Les violences basées sur le genre (VBG) continuent de laisser des milliers de femmes meurtries, souvent sans accompagnement psychologique durable. Réunis ce jeudi 8 Janvier 2026 à Cocody, au siège de l’ONG Engender Health, plusieurs organisations de la société civile, réunies au sein du Collectif des Activistes de Côte d’Ivoire (CACI), ont lancé un plaidoyer clair à l’endroit du gouvernement ivoirien : rendre gratuits les soins psychologiques pour les survivantes de VBG et intégrer les psychologues à la fonction publique.
La déclaration, portée par le Collectif pour la dignité, s’inscrit dans une volonté de renforcer la lutte contre les violences faites aux femmes, dans un contexte national qualifié « d’urgence de santé publique et de protection des droits ». Autour de la table : LeadAfricaine, Psytrotteur, Akwaba Mousso, Femme en Action, CACI et Actuelle.
/image%2F6976721%2F20260109%2Fob_940f90_1001222990.jpg)
Au cœur du plaidoyer, une réalité largement partagée par les professionnels de terrain : l’accès aux soins psychologiques reste largement conditionné aux moyens financiers des survivantes. « Ce plaidoyer vise l’intégration des psychologues à la fonction publique et la gratuité des soins pour la prise en charge des VBG », explique Dr Nour Bakayoko, psychologue et membre de Psytrotteur.
« Aujourd’hui, les psychologues sont essentiellement dans le privé. Quand une survivante doit consulter, le coût devient un frein si elle n’a pas les moyens. Cela empêche une prise en charge prolongée et efficace », ajoute-t-il.
Une situation qui fragilise le parcours de reconstruction des survivantes, souvent contraintes d’interrompre leur suivi, faute de ressources.
Pour Prince Tra Bi, psychologue à Akwaba Mousso, la prise en charge des violences basées sur le genre ne peut être pensée de manière fragmentée.
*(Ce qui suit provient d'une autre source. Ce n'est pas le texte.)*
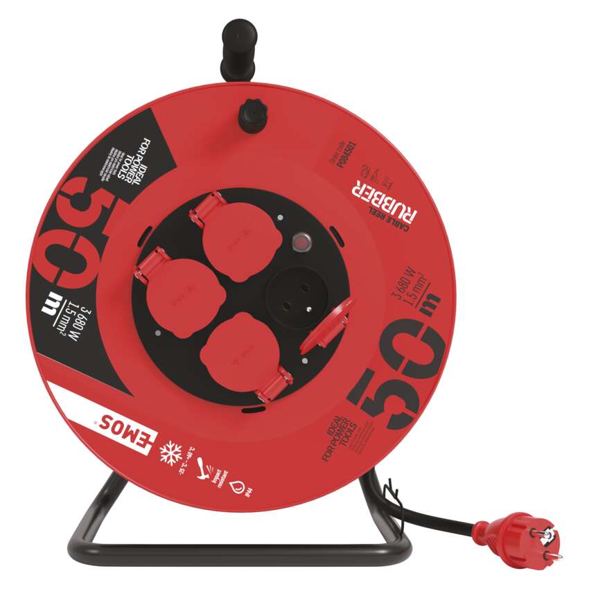 Gumový prodlužovací kabel na bubnu - 4 zásuvka s délkou 50 m, průřezem vodiče 1,5 mm2 a tepelnou pojistkou, odolný proti stříkající vodě. Ve všech zásuvkách je fáze orientovaná vlevo. Vhodný pro maximální zátěž 16 A max. / 3680 W při plně rozvinutém stavu a 4,8 A max. / 1100 W navinutý. Kvalitní gumový naviják prodlužovacího přívodu. Je ideální pro prodloužení napájecí sítě 230V~. Jeho výhodou je pohodlná manipulace díky bubnu.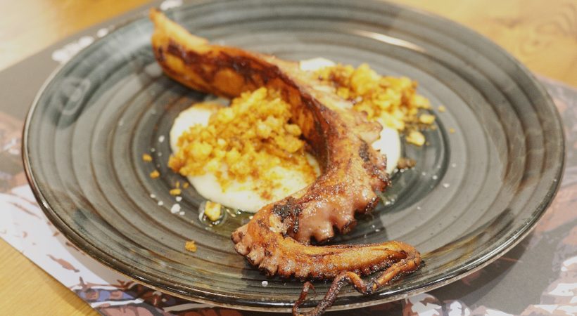 Pata de pulpo brasa, chirivía y migas de pimentón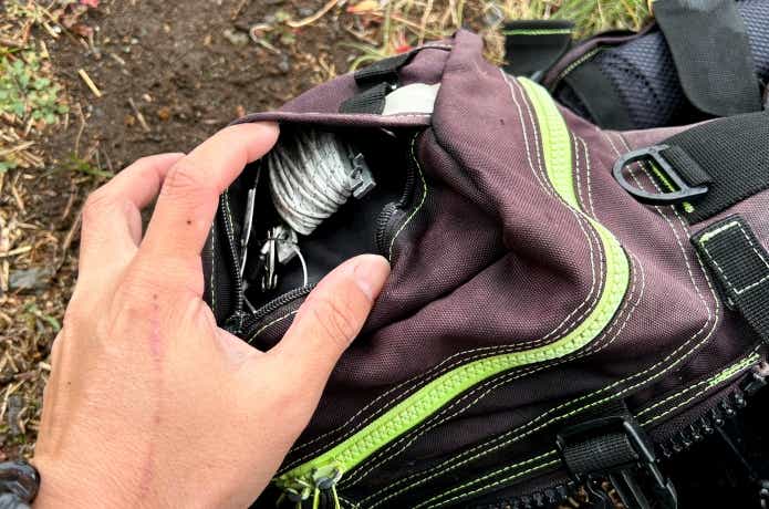 側面上部のDカンにはエアーポンプを付けてみたり、小物を入れたポーチをつけたりしています。

« La prise en charge est holistique et demande beaucoup de ressources financières et personnelles. La victime doit se déplacer du cabinet du psychologue à la police, puis à l’hôpital. Le parcours est long et éprouvant », souligne-t-il.
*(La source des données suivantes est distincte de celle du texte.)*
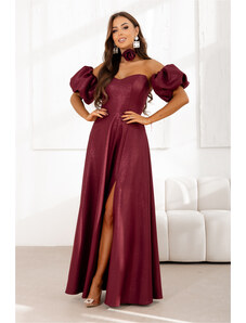 NUMOCO Női bordó hosszú ruha hasítékkal és nyakkivágással 581-2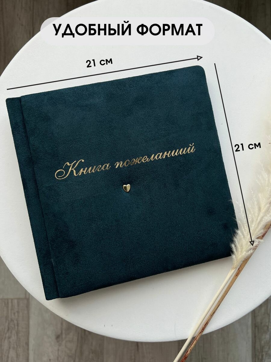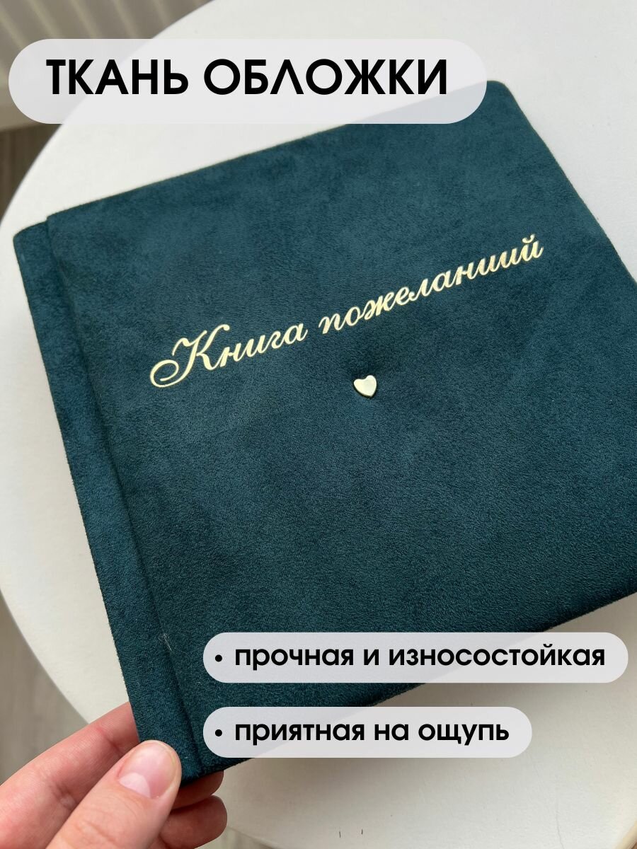 Книга выполнена из искусственной замши, страницы из плотной матовой гладкой дизайнерской бумаги. Красивое оформление делает её прекрасным элементом декора и поводом для обсуждения среди приглашенных. Высококачественная бумага обеспечит сохранность записей, а оригинальная обложка подарит эстетическое наслаждение.

Selon lui, la gratuité de ces services permettrait une prise en charge plus cohérente et plus humaine des personnes survivantes.
Le plaidoyer du CACI s’appuie sur des données officielles du Centre d’Information et de Communication Gouvernementale (CICG) et du Ministère de la Femme, de la Famille et de l’Enfant. En 2024, 9 607 cas de VBG ont été enregistrés et pris en charge en Côte d’Ivoire, dont 920 viols, 2 030 agressions physiques et 53 mariages forcés. Des chiffres qui, selon les organisations, ne représentent que la partie visible d’un phénomène largement sous-déclaré.
Les constats dressés sont sévères. Parmi eux: une prise en charge encore trop dépendante des ONG, un coût des soins qui maintient les survivantes dans la vulnérabilité, et surtout une absence criante de psychologues dans les services publics, créant une rupture dans l’accès aux soins, à la justice et à la dignité.
Dans leur note de plaidoyer, les membres du CACI posent une question centrale :
Comment passer de la survie à la reconstruction lorsque l’accès à la guérison psychologique dépend du pouvoir d’achat ?
Pour y répondre, le CACI appelle l’État ivoirien à intégrer les psychologues dans les hôpitaux, commissariats, tribunaux, centres sociaux et écoles, à créer un fonds public de gratuité des soins via la CMU, et à aligner la Côte d’Ivoire sur les standards internationaux en matière de santé mentale et de protection des survivantes.
Parmi les recommandations figurent également le recrutement de 300 psychologues dans la fonction publique, l’adoption d’une loi nationale de gratuité des soins pour les survivantes, et l’inscription explicite de la santé mentale dans la loi sur les VBG.
À travers ce plaidoyer, le CACI entend replacer la santé mentale au cœur des politiques publiques et rappeler que la dignité des survivantes passe aussi par un accès réel, gratuit et continu aux soins psychologiques.